My dissertation research described the influence of planktonic bacteria on upper ocean organic matter dynamics in the North Pacific Subtropical Gyre (NPSG). Analyses of dissolved organic matter (DOM) temporal dynamics were coupled to studies investigating the influence of heterotrophic bacterial production (HBP) on upper ocean organic carbon fluxes in the NPSG. Nine cruises to the Hawaii Ocean Time-series field site Station ALOHA revealed that HBP accounted for a large flux of organic carbon in the upper ocean of the NPSG. HBP was significantly enhanced by sunlight with photoenhancement of HBP accounting for 3.2 mol C m^-2 yr^-1, equivalent to 21% of the annual photoautotrophic production in this ecosystem. These observations suggest that HBP in the upper ocean of the oligotrophic NPSG exerts a large influence on organic matter dynamics in this ecosystem, and that a large fraction of HBP depends on sunlight.

Several experiments were conducted to asses the response of heterotrophic protein production to irradiance at Station ALOHA. Upper ocean HBP increased with light intensity at low light fluxes (<0.200 mmol quanta m^-2 s^-1), but saturated or declined with increasing irradiance.

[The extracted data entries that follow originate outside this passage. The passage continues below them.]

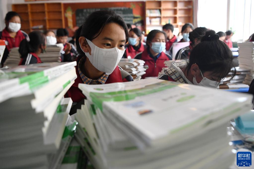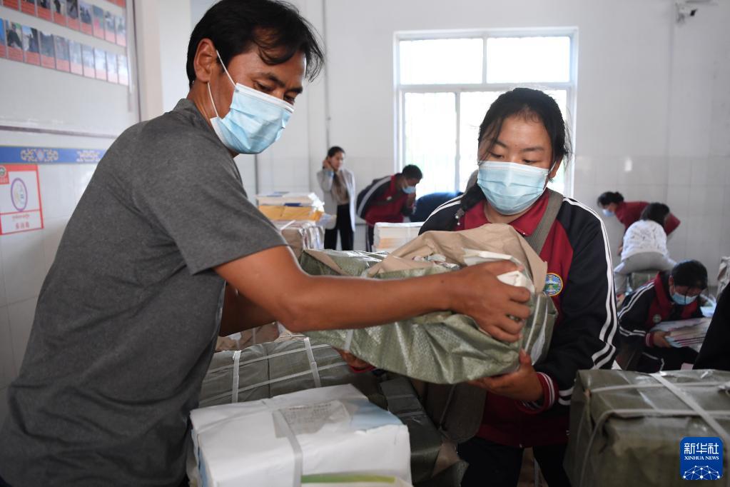 碌曲縣藏族中學(xué)的老師給學(xué)生分發(fā)新學(xué)期教材(8月30日攝)。新華社記者 杜哲宇 攝
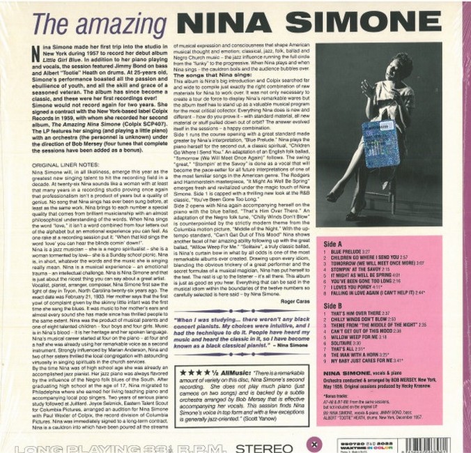 Фірмова вінілова платівка (VINYL)The Amazing Nina Simone is the second studio album by Nina Simone, released in July 1959. It was her second album, and her first recording for Colpix Records. The album contains a variety of material, including jazz, gospel, and folk songs. Compared to her debut, which showcased Simone's piano playing ability in addition to her singing, the piano was downplayed on Amazing in favor of string arrangements.
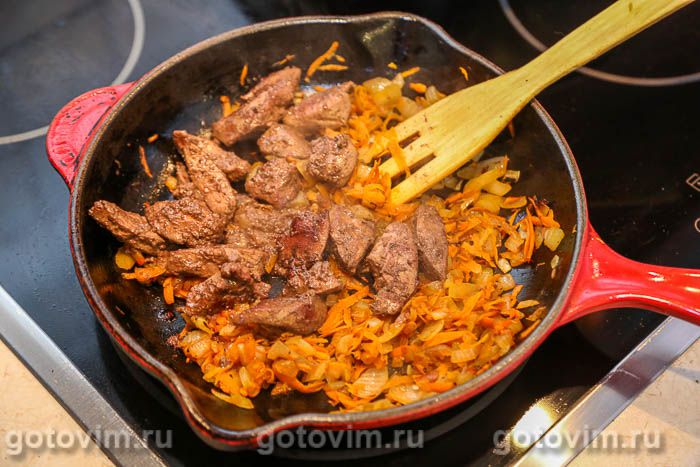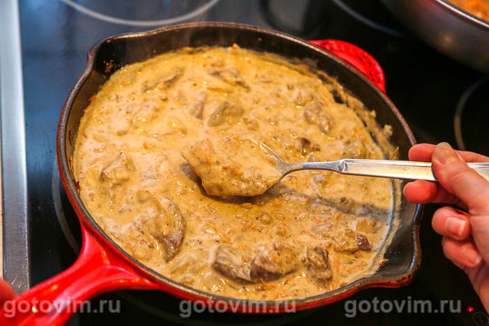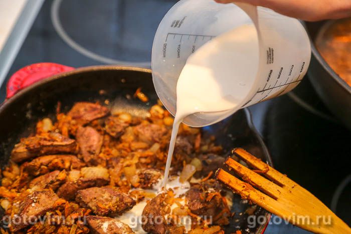 Тонкой струйкой влить молоко, размешивая печень с овощами.
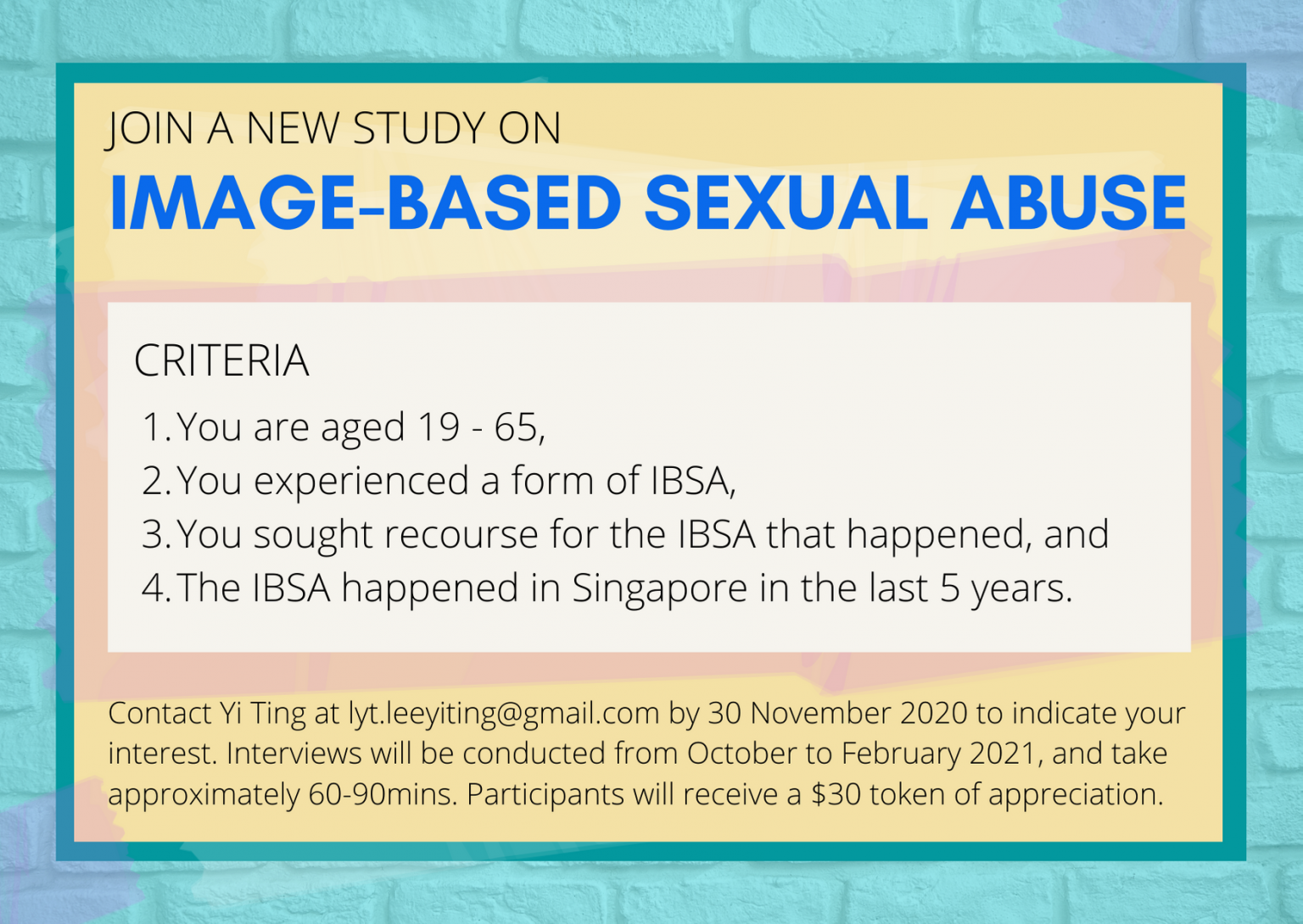 Researchers are looking for respondents for studies on image-based sexual abuse and online harms in Singapore — please help them get the word out! You can find more information here.
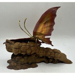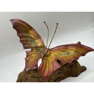 Vintage Mid Century Metal Butterfly Sculpture Tree Root Wood Base Rustic decor 7x5.5
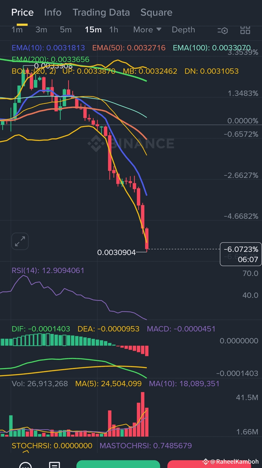 - Price CRUSHED lower band at **0.0031085** (Image 3).
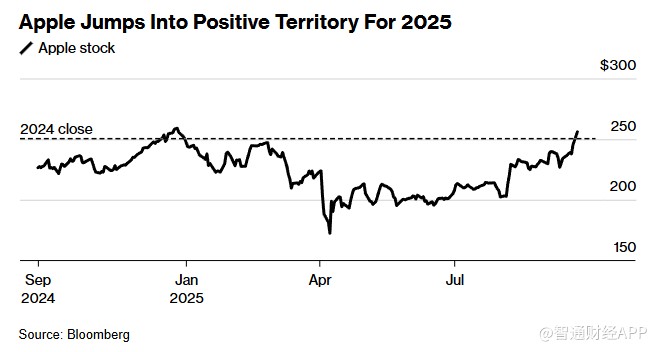 智通財經 APP 獲悉,蘋果 (AAPL.US) 週一實現年內股價轉漲,距離創下歷史新高僅一步之遙。當日該股上漲 4.3% 至 256.10 美元,年內累計漲幅達 2.3%。蘋果股價在四月因關税不確定性跌至低點,當時年內跌幅超過 30%,但自那以來,該股已累計上漲近 50%。
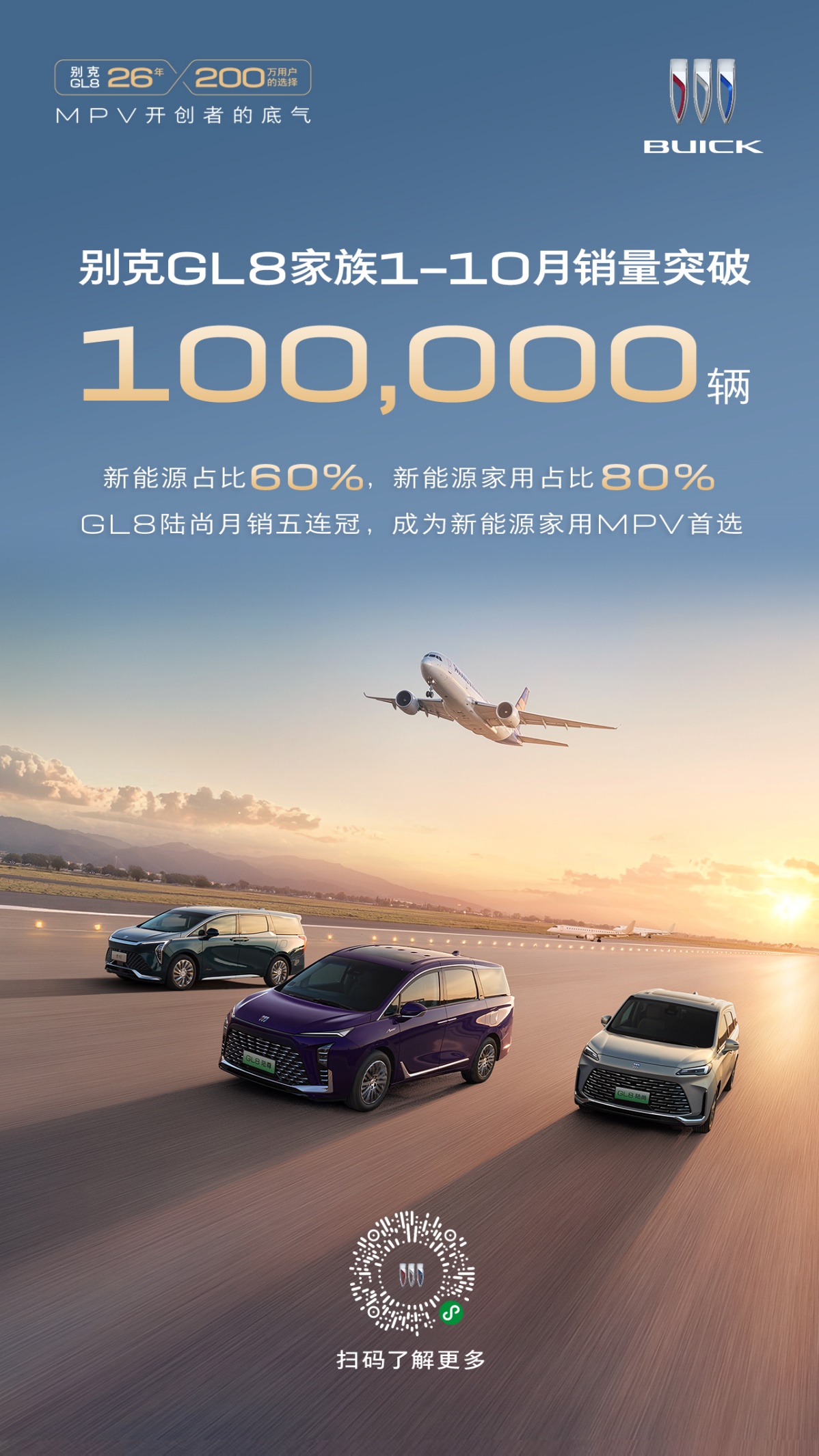 Currently, the core demands of domestic MPV users are upgrading from a single focus on spaciousness to a luxurious and comfortable experience across all scenarios. Based on a precise understanding of the current MPV market needs, the Buick GL8 family has achieved steady sales growth through continuous self-iteration and a solid push for new energy transformation. Latest data shows that from January to October this year, the GL8 family's cumulative sales exceeded 100,000 units. Among them, the GL8 Land Cruiser continued its strong sales momentum, achieving five consecutive months of top sales in the 250,000 RMB-level new energy MPV segment, opening up a new growth engine in the new energy family MPV market. The GL8 Land Zun, built to the industry's highest standards, continuously enhances its luxurious comfort and intelligent experience, becoming the top choice for users of luxury cars like those from BBA (BMW, Mercedes-Benz, Audi) who are upgrading or replacing their vehicles.
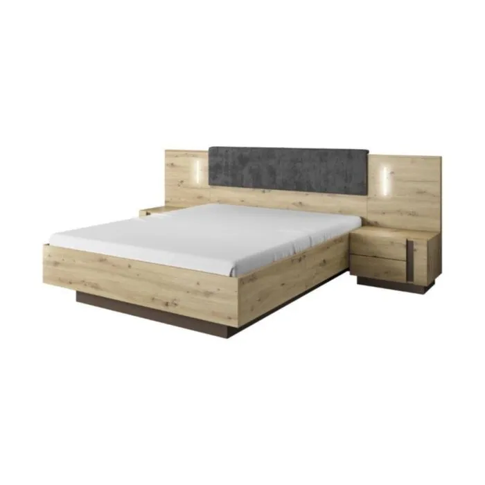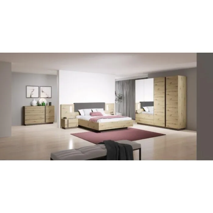 Elegantna in moderna spalnica JELENA je narejena iz odličnih materialov v grafitno sivem / hrast dekorju. Sestavljena je iz štiri delne omare, postelje z dvema nočnimima omaricama in komode. Postelja vsebuje LED razsvetljavo.
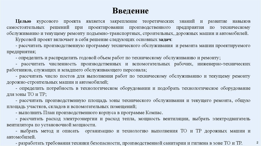 - рассчитать производственную площадь зоны технического обслуживания и текущего ремонта, общую
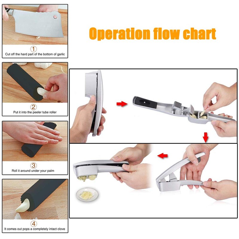 - 【Easy to use】 Our garlic press come with the little silicone peeler tube, Just cut off the head of the garlic and put it into the peeler, then rub with your hands.Put the peeled clove of garlic in the press and close the handle and squeeze the garlic through the screen, out comes mincer garlic and slicer garlic.
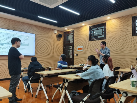 提问环节中,两位来自汉语言文字学专业的研究生就讲座内容与史教授展开深入交流。赵家栋教授也在总结中对该研究进行了高度评价,史教授在传统字词研究领域,加入了句法语义研究的新视角,既为汉语史研究提供了新范式,也启示我们:汉字史研究立足句法语义接口,方能更好地揭示语言演变深层机制。
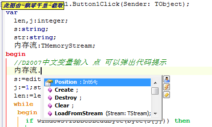 //D2007中文变量输入 点 可以弹出代码提示
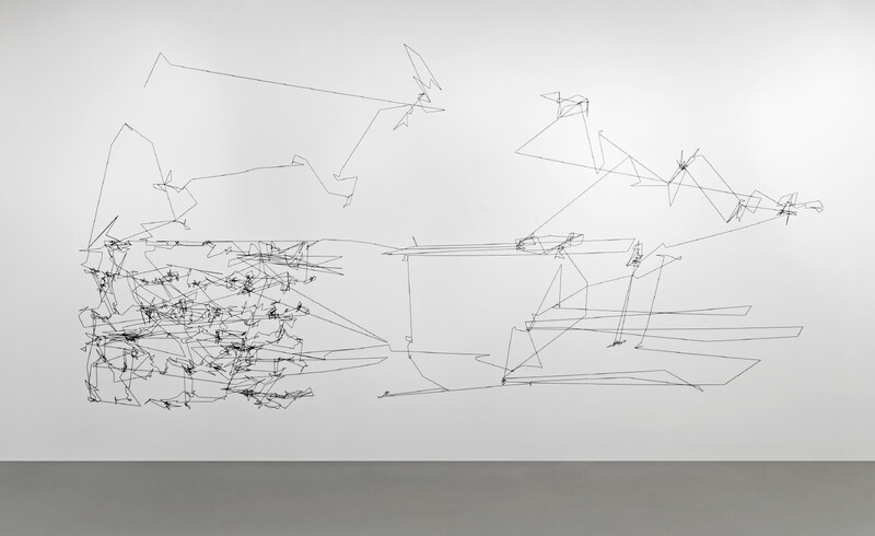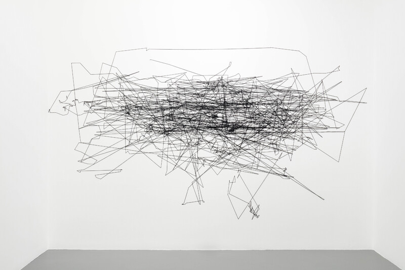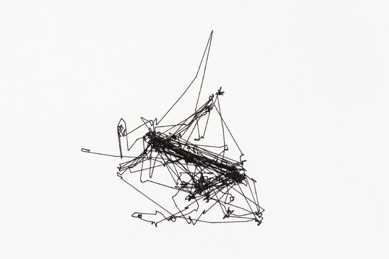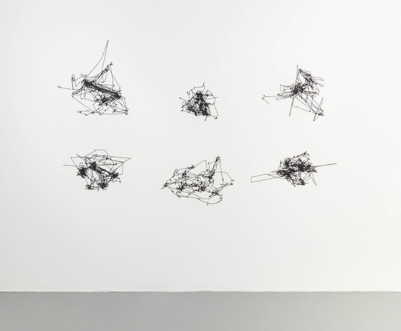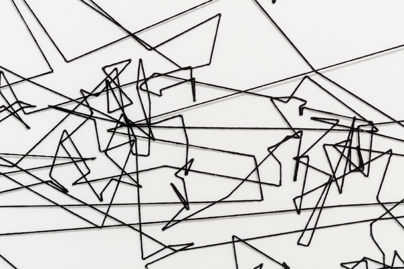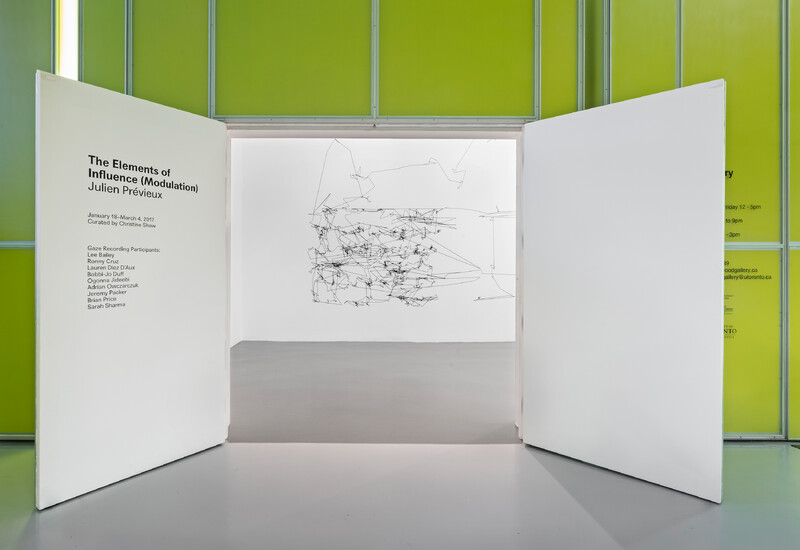 In preparation for his exhibition at the Blackwood Gallery, Prévieux organized a workshop with a group of students, staff, faculty, researchers, campus police, and employees of the administration at the University of Toronto Mississauga. Using an infrared camera, he recorded the movements of participants' pupils while they were looking at his work in the Blackwood Gallery. Eye-tracking software was then used to produce diagrams that visualize the eye movements across the exhibition, with the final sketches reproduced in wool on the walls of the e|gallery. The original exhibition is therefore also visible in the e|gallery in the form of cryptic lines and a ghostly imprint—a translation or transformation of the exhibition made by the vision of the local community at the University.

Experiments conducted in the upper and lower photic zone revealed significant photoinhibition of bacterial production in the lower photic zone. Overall, the heterotrophic response was similar to the photosynthetic response, suggesting light-driven HBP could result from mixotrophic growth by the photoautotrophic unicellular cyanobacteria Prochlorococcus.

Analyses of DOM inventories between 1988 and 1999 revealed multiyear increases in the inventories of dissolved organic carbon, nitrogen, and phosphorous (DOC, DON, and DOP) in the upper ocean of the NPSG. During the latter half of the observation period, the rate of DOP accumulation declined, coincident with significant accumulations of DOC and DON. Analyses of bacterial population dynamics between 1992 and 1999 revealed an apparent shift in the abundance of Prochlorococcus during the period of observation. Increasing abundance of Prochlorococcus coincident with accumulated inventories of DOM suggests that prokaryote population structure directly influences the cycling of organic matter in this ecosystem.